[intro]As a society, we are able to conceptualise and grasp the horrors of explicit violence, but we struggle with the violence that comes from unexpected places. Rumbi Goredema Görgens says #MeToo.[/intro]

When I was in my first year of university, I went, as instructed, to one of my lecturers’ offices to pick up my graded final essay. It was study week and the campus was quiet. I needed the paper to study for the upcoming exam, and had gone to campus specifically to fetch it. The grade was good; the lecturer impressed. He asked me if I was really in first year, boosting my academic ego a little. “No, really,” he said, “This is one of the best papers I’ve read by any student.” I beamed. Then, he put his arm around me. It wasn’t an overtly sexual gesture. But it felt rooted in an affection that was out of place in this relationship, and in this context. It was framed as part of the reward for my academic skills. Here’s your A, and an inappropriate hug.

In the same year, on another part of the campus, my university residence held a fire drill. It was a chaotic, disorganised 11pm affair, full of ridiculous behaviours that, in an actual fire, would result in certain, fiery death. At one point, we were all standing in a queue, squashed together for some reason. A guy I’d met in those first few weeks of university took the opportunity to push himself up against me, and, brazenly, without any hesitation that I could discern, grab my left breast.

I don’t tell these stories to ‘out’ myself. I don’t write my #metoo tales to raise awareness. I tell them because it is a reclamation of my power and my self from the hands of these and other men. I also tell these two stories, instead of the countless others I could tell, because of what they have taught me about sexual violence as a systemic ill.

Both perpetrators were men who’d earned their left and activist credentials. My lecturer was one of the only senior academics of colour in a largely white department on a largely white campus. The guy in the residence was a first-generation higher education student from the Cape Flats, studying medicine, and spitting socially conscious rhymes with a local hip hop collective. Both men were (and maybe still are) involved in the difficult work of engaging with and overturning some of the ugliest strongholds of white supremacy on campus and beyond. And yet. They did what they did, and I know what I know about who they are.

I bring this up because of the chorus of responses to the Harvey Weinstein saga, there have been some voices who have expressed confusion because of his progressive credentials. He donated to Hillary Clinton! He financed indie films! And so on and so forth. As a society, we are able to conceptualise and grasp the horrors of explicit violence, but we struggle with the violence that comes from unexpected places. Not that Harvey Weinstein, white, male, captain of capitalism is unexpected. But my lecturer was. My res mate was.

Academic Hélène Joffe argues that one of the ways in which we manage our identities and our sense of ourselves is by projecting anything that presents a figurative or actual threat onto an ‘other’. Joffe’s argument is that the ‘risk society’ in which we are constantly confronted with tales of horrors domestic and international, intimate and strange (on our phones, in our newspapers, on the radio) compels us to protect our own perceived safe identities by imagining that they happen to other people, not to us.

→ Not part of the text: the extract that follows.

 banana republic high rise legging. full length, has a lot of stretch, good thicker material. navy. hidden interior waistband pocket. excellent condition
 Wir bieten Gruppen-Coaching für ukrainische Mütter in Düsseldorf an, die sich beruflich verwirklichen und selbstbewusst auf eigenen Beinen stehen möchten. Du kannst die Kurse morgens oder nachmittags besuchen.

The actress Mayim Bialik’s devastatingly disappointing op-ed, in which she suggests that Hollywood’s casting couch problem can be avoided if women resist the narrow objectifying gaze of this industry, is an example of this ‘othering’. Read through Joffe’s lens, Bialik is telling herself – and some who may identify with her – that it only happens to other women, prettier women, who play the dangerous game of flaunting their sexuality. She falls into the same trap as so many of us who are appalled at the capacity for misogyny within ‘our’ ranks. We tell ourselves it will not happen if we are dressed modestly enough, if we don’t drink too much, if we walk in groups, if we have our pepper spray and our keys-turned-makeshift-weapons at the ready. We tell ourselves that if we avoid ‘other’ men, we will be fine. So, when the risk presents itself as clear, present danger, delivered by men we assume are mentors, friends, comrades, the violation feels especially brutal, and the attendant disillusion is even worse. When the violence happens in spite of all of the ways in which you have carefully followed the rules of patriarchy, and all of the careful boundaries you’ve built with your modest clothing and your unconventional beauty are breached, it is world shattering.

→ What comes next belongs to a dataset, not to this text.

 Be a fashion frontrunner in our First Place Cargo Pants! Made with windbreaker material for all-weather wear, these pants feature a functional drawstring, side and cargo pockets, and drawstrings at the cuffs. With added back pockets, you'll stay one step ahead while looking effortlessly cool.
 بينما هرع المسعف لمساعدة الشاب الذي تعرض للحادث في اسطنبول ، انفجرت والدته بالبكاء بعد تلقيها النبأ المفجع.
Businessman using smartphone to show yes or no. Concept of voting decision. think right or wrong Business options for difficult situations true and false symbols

The risk spills over from other to self, threatening to drown what self has been maintained in the face of relentless misogyny. The only life raft I have is to join the chorus of women who tell their stories. Women who defy the risk by naming it and robbing it of its silence. I proclaim that, yes, #metoo, not so that I can educate anyone about the pervasiveness of sexual violence. I proclaim it to remind myself and this risk society in which we live: Yes, all men, even the one’s from whom you least expect it. And, yes, me too, her too, all of those women too, no matter where they went, with whom and what they were wearing and why.